Os EUA são o país que tem a maior população prisional per capita do mundo. “É um sistema criado para desumanizar e punir que apresenta 75% de taxa de reincidência”, escreve o fotógrafo que nasceu no Líbano, filho de imigrantes arménios que escaparam ao genocídio (1915-16), e cresceu nos EUA. “As prisões juvenis permanecem sobrelotadas e não investem na reabilitação. São, por norma, lugares perigosos onde o apoio à saúde, em geral, e à saúde mental, em particular, está abaixo dos padrões mínimos de qualidade.”
O livro é composto pelas fotografias de Oshagan, mas não só.

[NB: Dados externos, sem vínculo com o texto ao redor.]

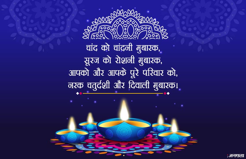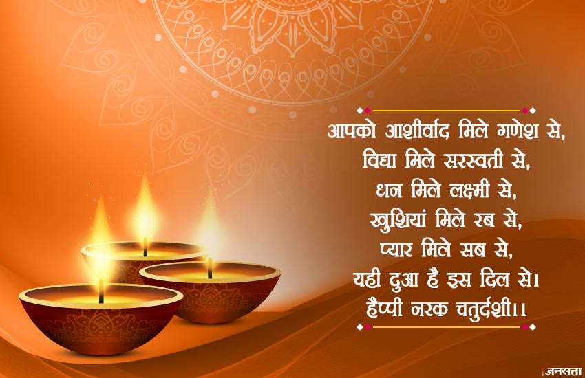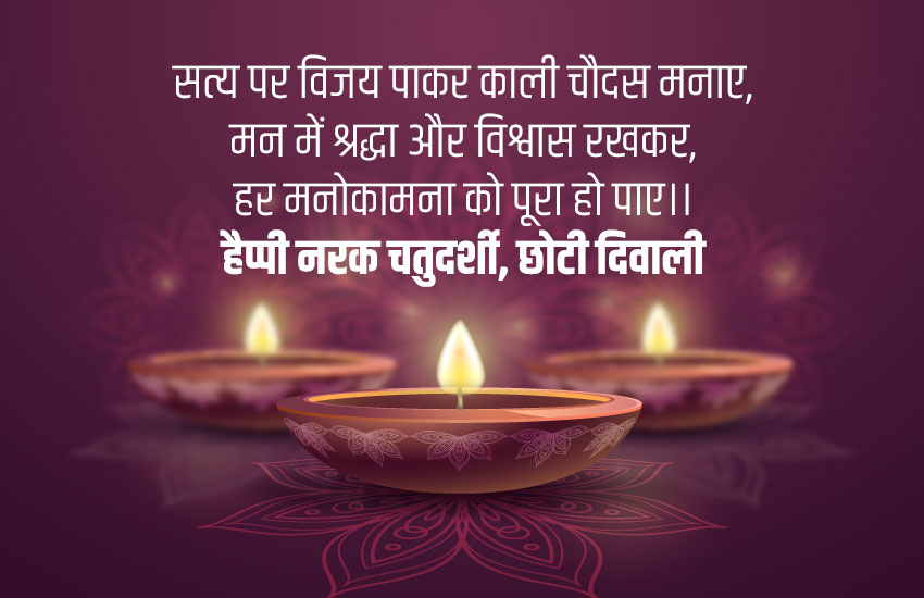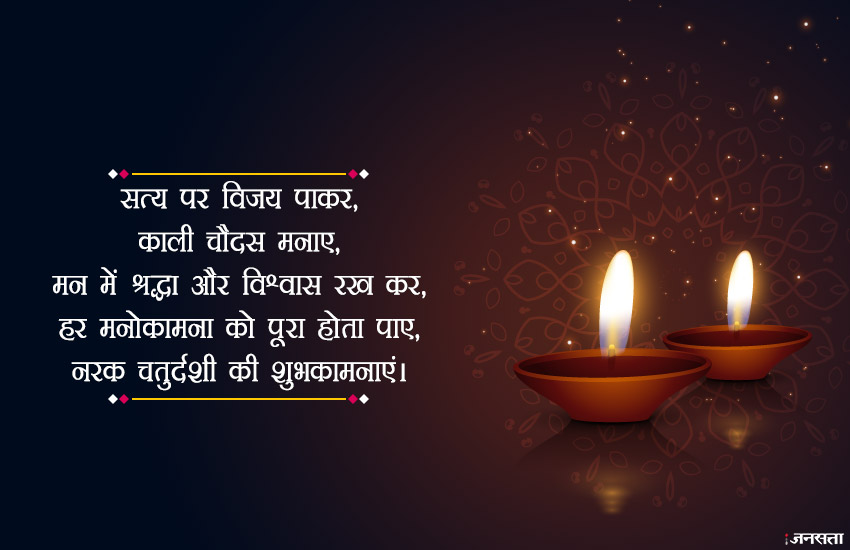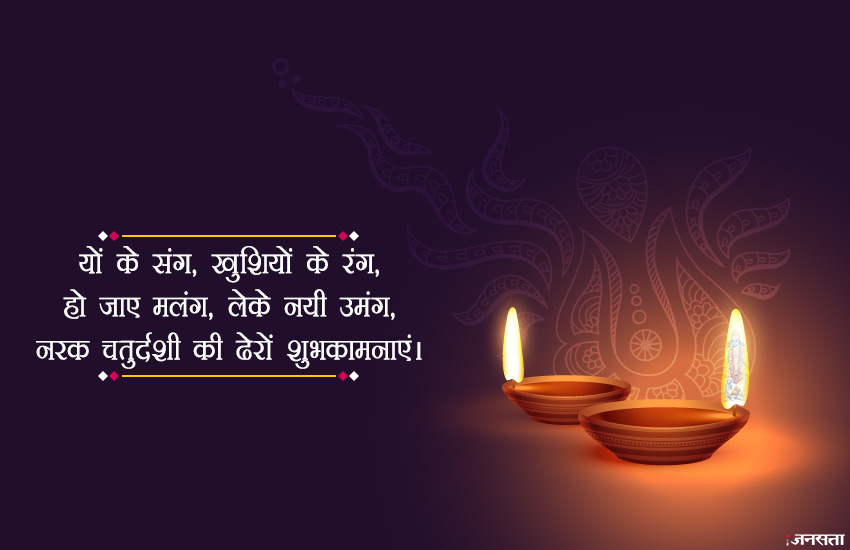 माना जाता है कि नरकचतुर्दशी के दिन पूजा करने वाले को नरक से मुक्ति मिलती है। इस दिन आलस्य और बुराई को हटाकर जिंदगी में सच्चाई की रोशनी का आगमन होता है। नरक चतुर्दशी के दिन लोग सूर्योदय से पहले उठकर, शरीर पर तेल लगाकर और पानी में चिरचिरी के पत्ते डालकर उससे स्नान करते हैं। इस दिन घर की सजावट और रंगीन रंगोली बनाकर मानते हैं और करीबियों को शुभकामनाएं देते हैं। आप भी इन खास मैसेजेज, एसएमएस और कोट्स के जरिए अपने दोस्तों को शुभ संदेश भेज सकते हैं।
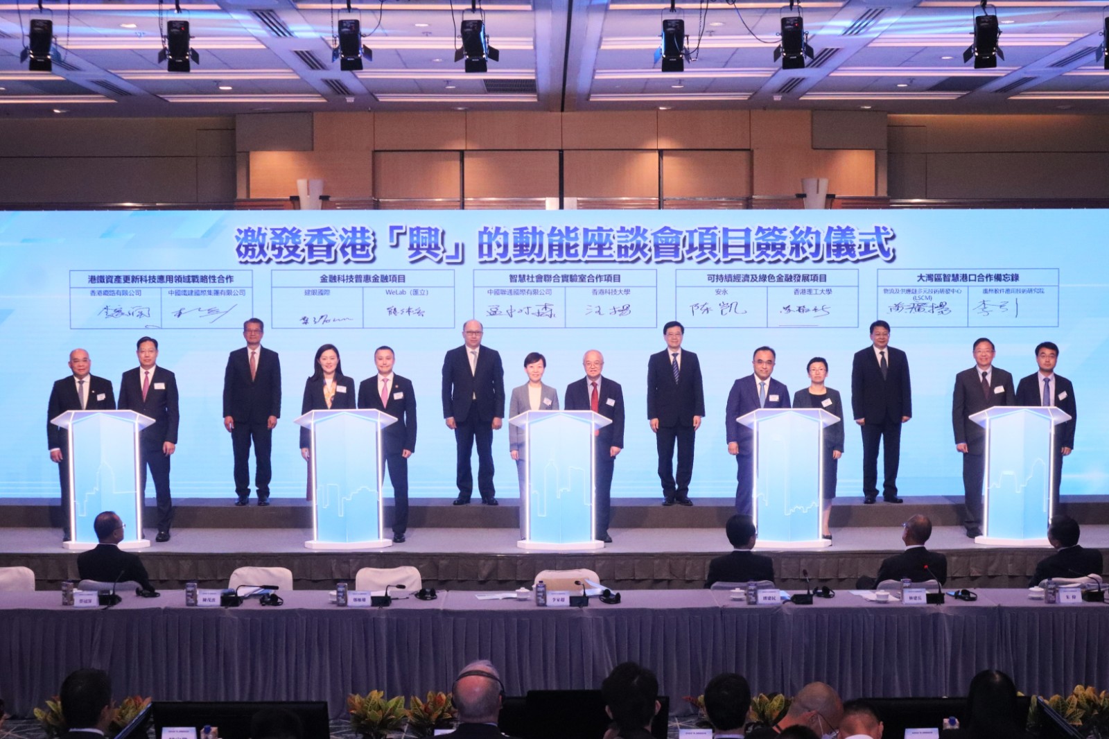 李家超又提到,今天座談會將舉行十多個專案的簽約儀式,涵蓋大灣區建設、「一帶一路」合作、科技創新、北部都會區建設等領域,就是團結各界力量,同為香港開「興」篇。
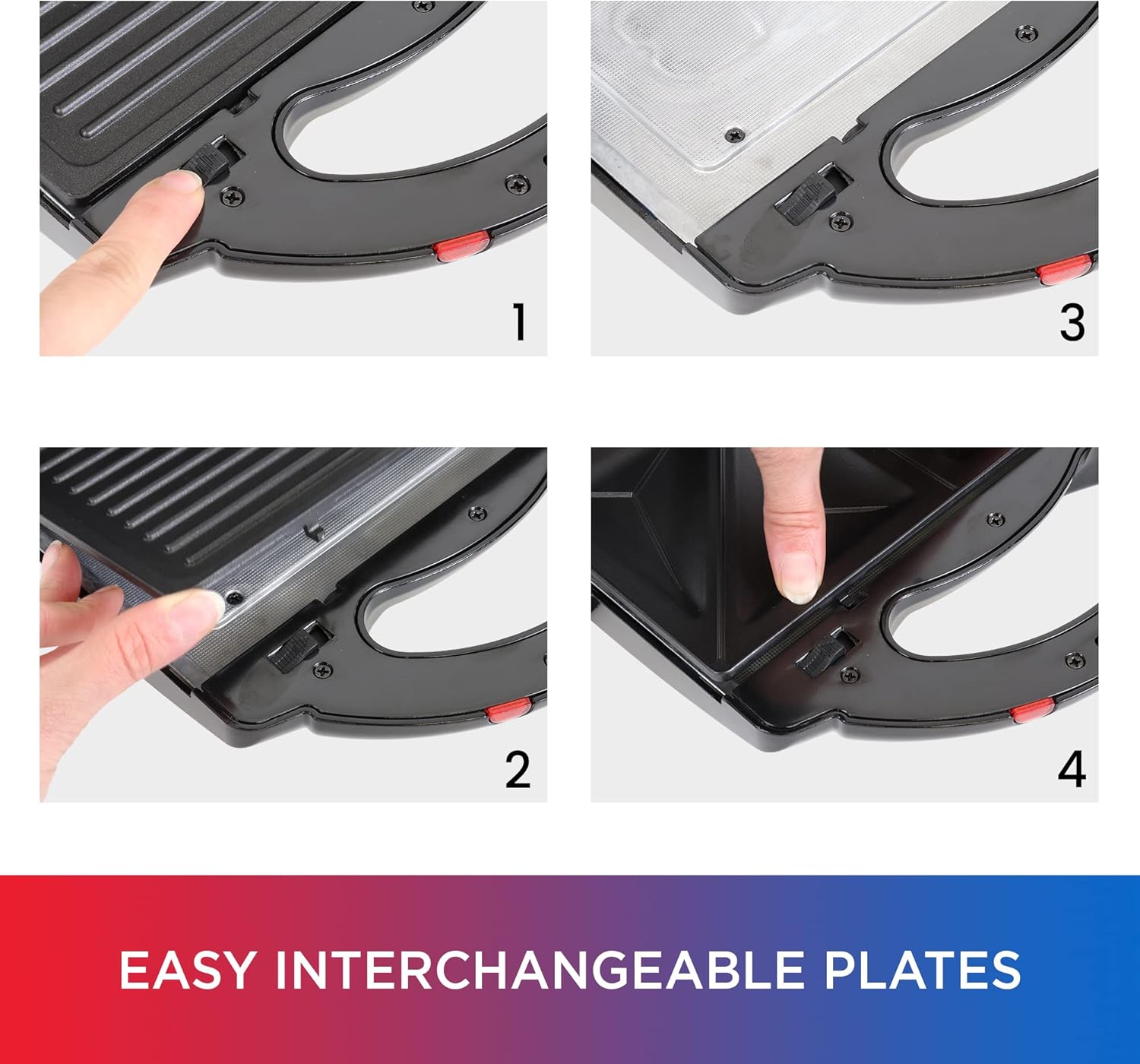 - Included Components : 1 set griddle plates, 1 set grill plates, 1 set sandwich maker plates, 1 set waffle maker plates

O fotógrafo reuniu um conjunto de escritos e desenhos da autoria dos jovens que, em justaposição com o seu trabalho, formam um documento multidisciplinar onde a inocência, a revolta, o desespero, transbordam e se tornam materiais, íntimos, tangíveis para o leitor. As várias camadas abrem uma janela para o mundo interior dos jovens reclusos, permitindo ao leitor vestir a sua pele, considerar o que experienciavam sob o filtro da inocência que, porventura, já foi igual à sua.
Foi nos versos de Liz que Ara Oshagan encontrou o título para o projecto. Ela escreveu: “Quando os dias são despojados do seu significado e do seu sentido / e existimos apenas na fisicalidade, a vida torna-se uma pobre imitação da morte”. Para o fotógrafo que se dedica a histórias que tocam a "marginalização, o desenraizamento, a identidade, os legados de violência", o projecto está longe de ser apenas sobre o cárcere. “É sobre estabelecer ligações, é sobre quebrar barreiras de percepção, é sobre o processo de humanização dos jovens que são incessantemente e brutalmente desumanizados por um vasto sistema.”
Mais de 20 anos passaram e alguns dos jovens que Oshagan retratou já se encontram em liberdade. Numa manhã de 2023, o fotógrafo encontrou Peter, o adolescente que tinha conhecido e fotografado em 2001, num café, onde tinha marcado encontro. “Ele levantou-se, sorriu. Abraçámo-nos e rimo-nos, incrédulos. Tínhamos trocado dezenas de cartas ao longo dos anos, mas, a certa altura, perdemos o contacto”, conta. “Hoje, o Peter é casado, é pai de gémeos de cinco anos. Tem um negócio, trabalha longas horas. É um homem erguido e feliz. Disse-me que o duro período que passou na prisão o tornou no homem que é hoje – e aceita esse facto. Ri. É feliz. Disse-lhe que ele é formidável e senti a proximidade de uma ligação que já durava há décadas. E espero que ela se estenda no futuro."